Полковник Дубровин Алексей Андреевич, начальник СИЗО, нервничал больше всех. Ему-то, вроде бы, чего беспокоиться? Он лишь исполняет волю суда, примет Гвоздя-Домбровского и продержит положенный, опять же не им отмеренный, срок. Но есть начальники, которые всего боятся - вышестоящего руководства, своих подчиненных, как бы лишнего нигде не сказали, принятия решений и так далее.
Гвоздь - положенец области и его статус пошатнулся в последнее время. Собственный сынок сильно подгадил папаше и дал урок, сам того не желая. Кто же писает против ветра? А Домбровские решили попробовать. Заелись, зарвались, зажирели. Отморозок Домбровский младший свое уже получил - его здесь опустили и благополучно отправили на этап к месту пожизненного заключения. Теперь станет не баб портить, а рачком дохаживать оставшиеся денечки.

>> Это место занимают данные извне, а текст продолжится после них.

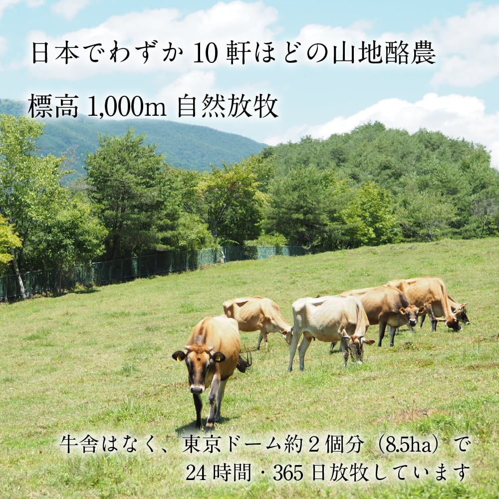 国内では約0.8%しかいない希少なジャージー牛を、国内でも10軒ほどしかいない、山で牛を放牧する『山地(やまち)酪農』で通年昼夜放牧しています。ストレスの少ない環境で、自然に生える草を食べて育つ牛たちからの恵みを贅沢に使い、乳化剤・安定剤などの添加物は一切不使用。さらに卵不使用なのでアレルギーの方でも安心してお召し上がりいただけます。

Никто не знал истинного источника информации, откуда подул этот ветер знаний, но каждый знал подсознательно, что Громова необходимо уважать и слушаться. Поистине, невероятное и очевидное входило в подкорку каждого, кто хоть раз слышал где-то об этом человеке. Многие понятия рождались в голове в неизвестные сроки и требовали уважения, исполнения определенных мероприятий. Родина... В каком возрасте она впивалась в подкорку и подсознательно требовала своеобразного отношения? Уважение и почитание родителей... Все руководители разных уровней подсознательно ведали и интуитивно считали Громова правым всегда. Разве такое возможно? И хватит ли странички для перечня невозможного, но реально произошедшего в нашем удивительном мире?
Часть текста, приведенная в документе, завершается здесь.